Exactly as written, reproduce the lines from the beginning of the data through the line containing "然而在随后的模仿过程中,由于"; the pictures are not reproduced.

++++ Exercise data ++++

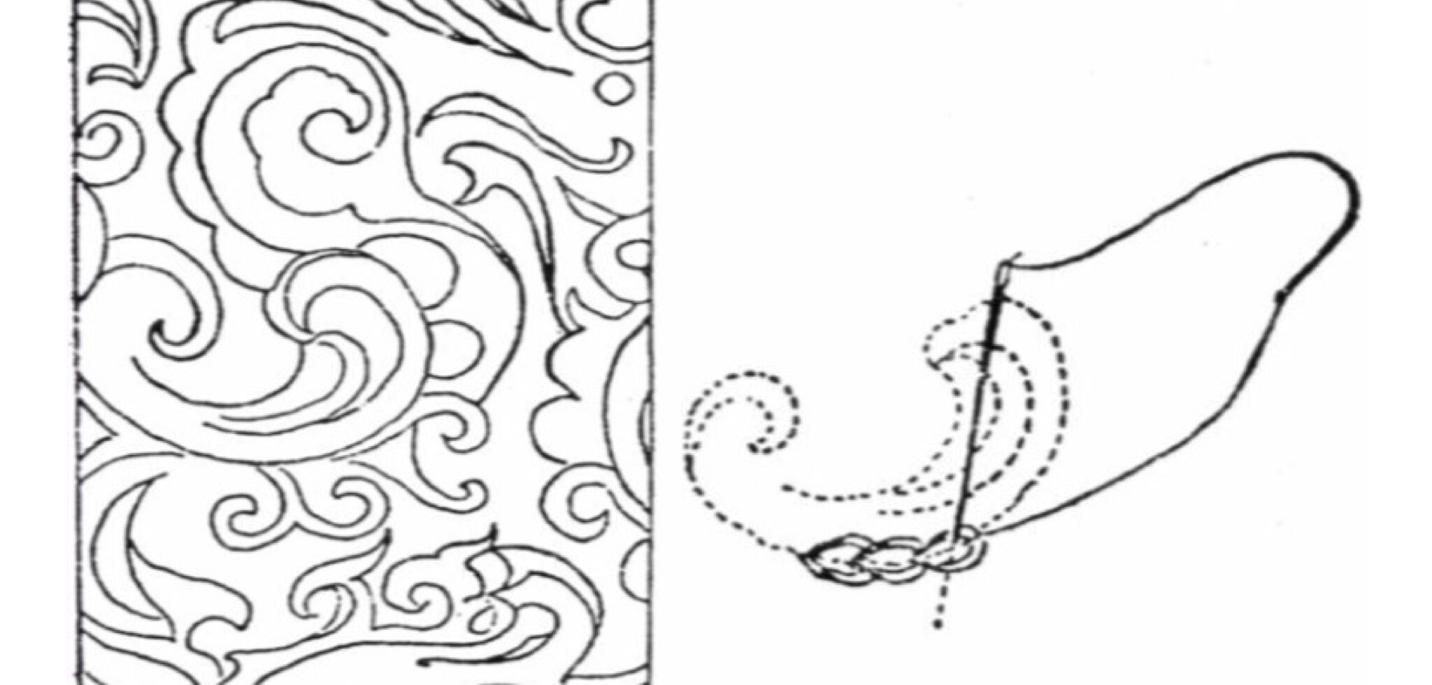 辫子股的名称比较复杂,也叫辩绣、锁绣、民间则流传更多的名称有拉梭绣、连环针、穿花、套花、锁花、络花、扣花、拉花等等。锁绣的发源最为古老。陕西宝鸡茹家庄西周墓出土的刺绣印痕即是辫子股绣;湖北江陵一号楚墓的大批绣品绝大多数是辫子股绣。可以说,在汉代以前,辫子股绣占据着中国刺绣的主导地位。这种针法易于表现流畅圆润的线条,密集排列又可组成具有肌理效应的体面,而且简便易学,至今仍为民间刺绣的常用针法。
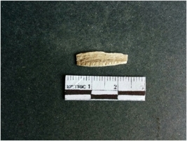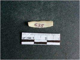 | Description / विवरण | The shell fragment is a small piece, with truncated ends and sharp edges. The piece has natural polish on its inner surface and outer surface has natural rough striations. The piece is pale white in color. The piece is waste material bi - product as a result of shell working at the site. |
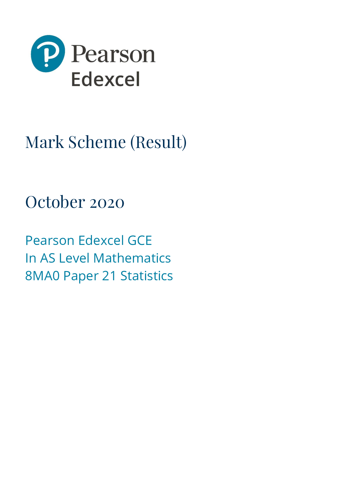 Mathematics > Edexcel > Pearson Edexcel_Further Mathematics_8MA0/21 Mark Scheme_2020 | Paper 21 Statistics (All)
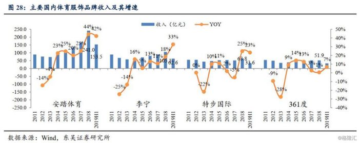 收入端:稳坐国内第三大体育品牌,18、19年增长势头明显。作为晋江体育代表公司规模维持在国内第三大水平,特步2018年达到63.8亿元,受益三年改革18、19H1收入增速分别达到25%/23%,作为具有一定零售规模的大众品牌(2018年零售规模122亿),增长表现已十分亮眼。
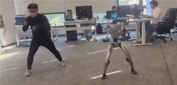 然而在随后的模仿过程中,由于动作出现偏差,机器人不慎一脚踢中工程师,意外场面令人忍俊不禁。
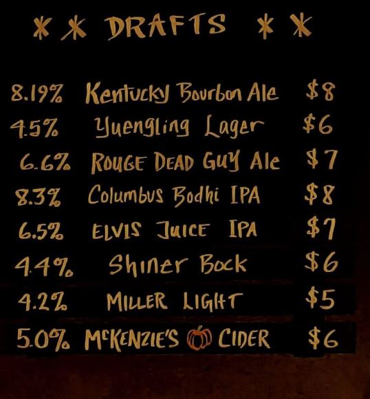 According to their social media page, the bar offers a variety of drinks on tap including ales and IPAs. They also offer specialty cocktails and seasonal items. Their food menu also ranges from fries and onion rings, to sandwiches and salads.
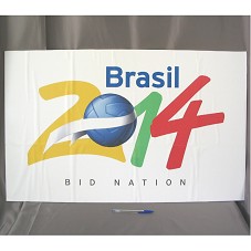 CARTAZ (59,5X95,5 CM) IMPRESSO EM PAPEL BRANCO, POSSUINDO A INSCRIÇÃO 'BRASIL 2014 / BID NATION'. CARTAZ EM ALUSÃO À COPA DO MUNDO EM 2014, ONDE O ZERO É REPRESENTADO POR UMA BOLA, COM UMA FAIXA BRANCA (COMO A BANDEIRA NACIONAL) NO CENTRO.
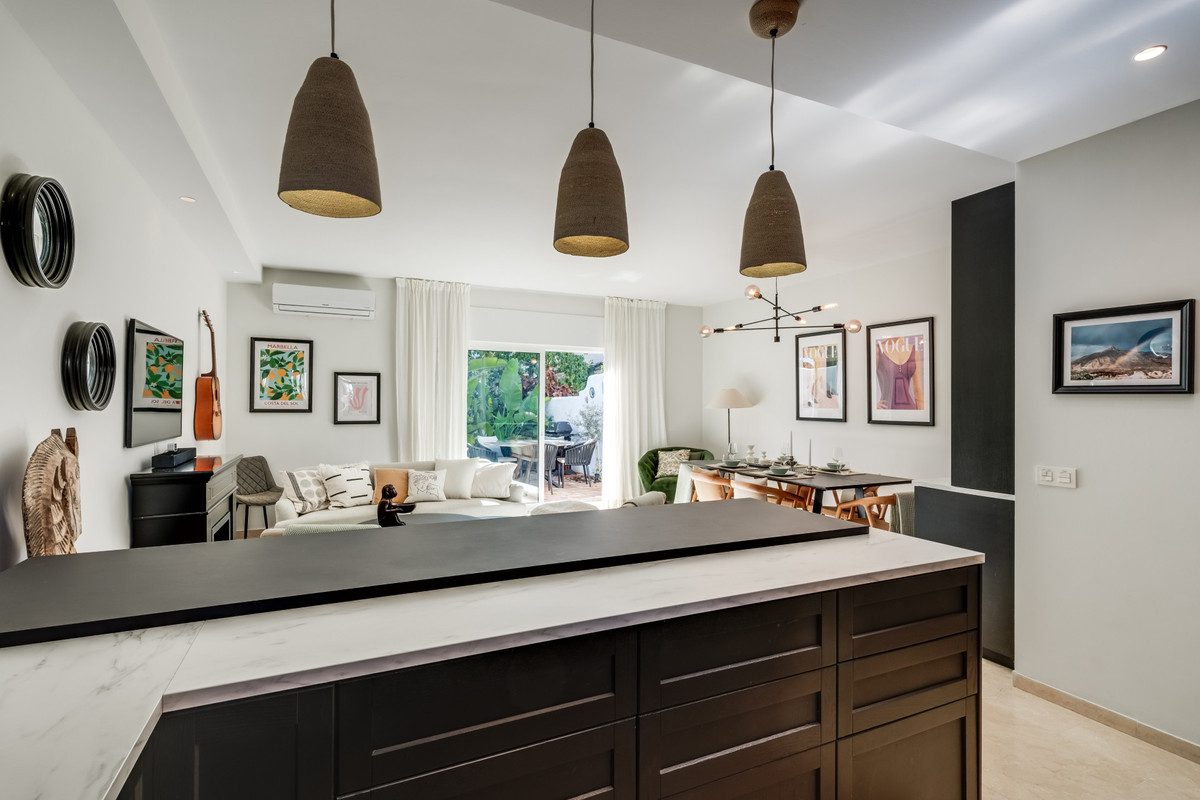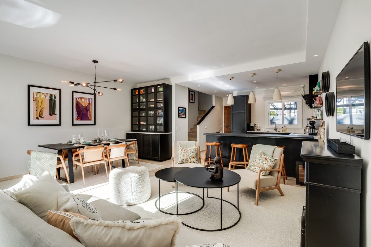 Preciosa casa adosada de tres dormitorios se encuentra en Los Naranjos Country Club, una de las zonas más populares de Nueva Andalucía. Es parte de una comunidad segura y cerrada con seguridad las 24 horas. El barrio ofrece fantásticas características, incluyendo dos grandes piscinas, y pista de tenis y el famoso restaurante Chez Philippe dentro de la urbanización.La planta baja ofrece un luminoso y abierto salón y comedor con una cocina moderna y totalmente equipada. Grandes puertas correderas abiertas a una amplia terraza, perfecta para relajarse o entretener. También hay un aseo de invitados en este nivel.En la segunda planta se encuentran dos confortables dormitorios, ambos con baño en suite y armarios empotrados.La tercera planta está dedicada al dormitorio principal, con baño en suite, armarios empotrados y terraza privada.Esta casa combina estilo moderno, excelentes comodidades, y una ubicación privilegiada para disfrutar del lujoso estilo de vida de Marbella.~

++++

Exercise response:
 辫子股的名称比较复杂,也叫辩绣、锁绣、民间则流传更多的名称有拉梭绣、连环针、穿花、套花、锁花、络花、扣花、拉花等等。锁绣的发源最为古老。陕西宝鸡茹家庄西周墓出土的刺绣印痕即是辫子股绣;湖北江陵一号楚墓的大批绣品绝大多数是辫子股绣。可以说,在汉代以前,辫子股绣占据着中国刺绣的主导地位。这种针法易于表现流畅圆润的线条,密集排列又可组成具有肌理效应的体面,而且简便易学,至今仍为民间刺绣的常用针法。
 | Description / विवरण | The shell fragment is a small piece, with truncated ends and sharp edges. The piece has natural polish on its inner surface and outer surface has natural rough striations. The piece is pale white in color. The piece is waste material bi - product as a result of shell working at the site. |
 Mathematics > Edexcel > Pearson Edexcel_Further Mathematics_8MA0/21 Mark Scheme_2020 | Paper 21 Statistics (All)
 收入端:稳坐国内第三大体育品牌,18、19年增长势头明显。作为晋江体育代表公司规模维持在国内第三大水平,特步2018年达到63.8亿元,受益三年改革18、19H1收入增速分别达到25%/23%,作为具有一定零售规模的大众品牌(2018年零售规模122亿),增长表现已十分亮眼。
 然而在随后的模仿过程中,由于动作出现偏差,机器人不慎一脚踢中工程师,意外场面令人忍俊不禁。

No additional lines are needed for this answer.